#### [What the exercise asks]
Which lines run from the one containing "Lacoste womens Padded" to the end of the material below? Copy them exactly, pictures excluded.

#### [Information supplied]

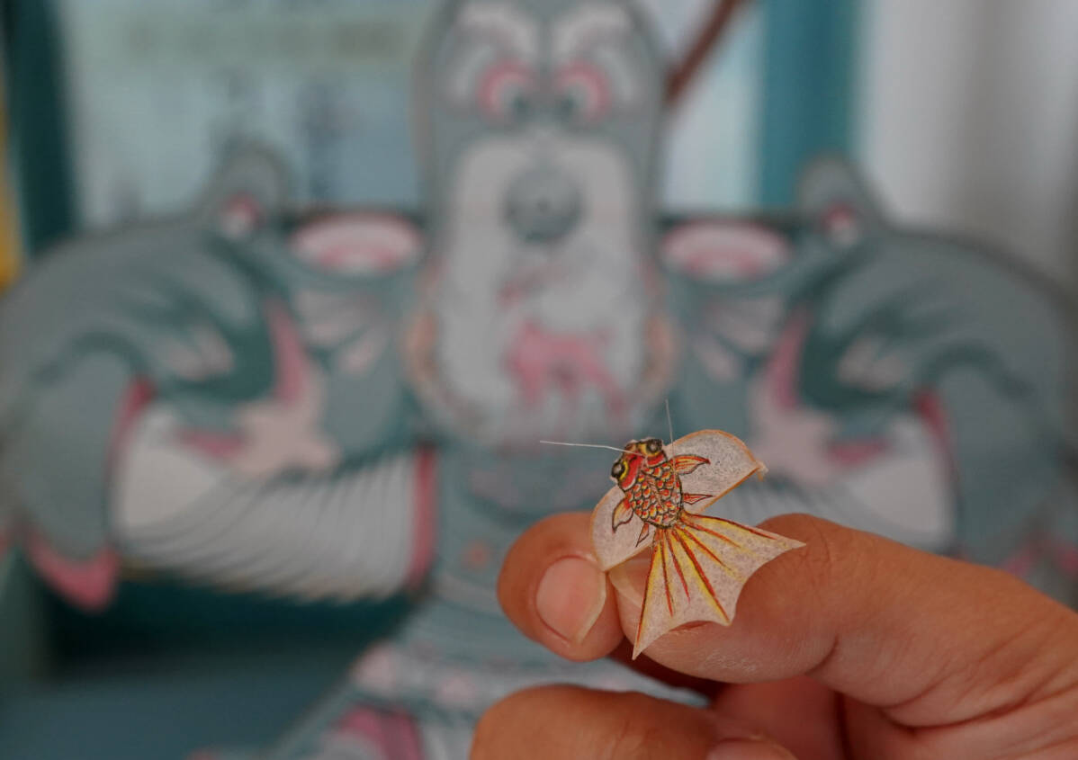 A miniature kite is pictured at a kite workshop in Hanting district of Weifang, East China's Shandong province, Oct 14, 2024. [Photo/Xinhua]
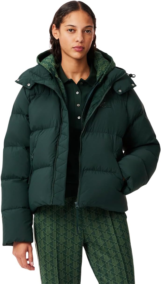 Lacoste womens Padded Down Logo Jacket With Hood
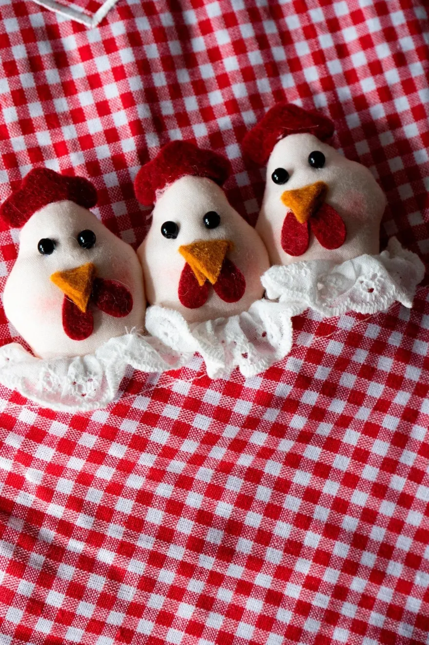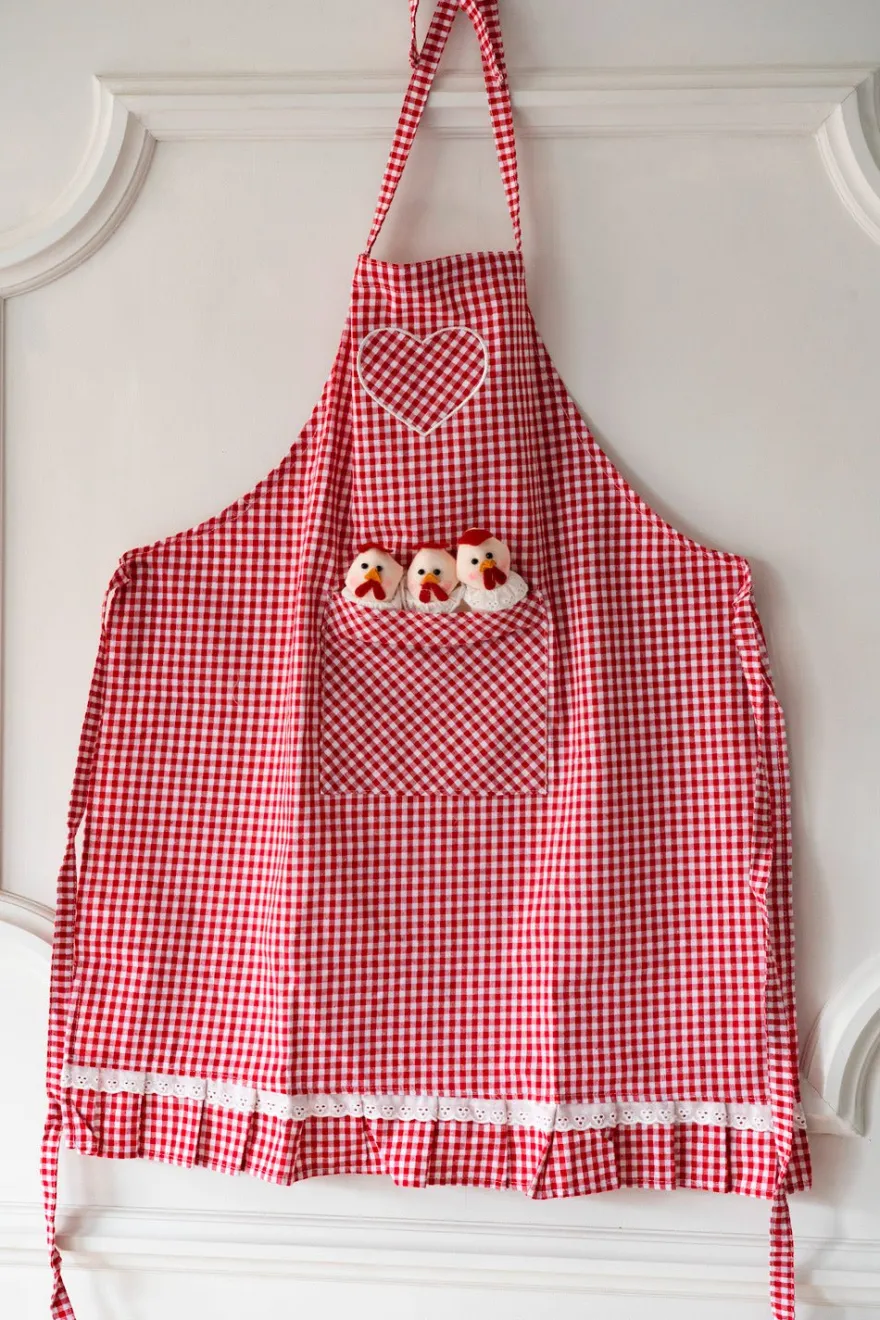 Delantal con diseño de cuadros rojos y blancos, y con gallinas en el bolsillo frontal y corazón.

#### [Response area]
 Lacoste womens Padded Down Logo Jacket With Hood
 Delantal con diseño de cuadros rojos y blancos, y con gallinas en el bolsillo frontal y corazón.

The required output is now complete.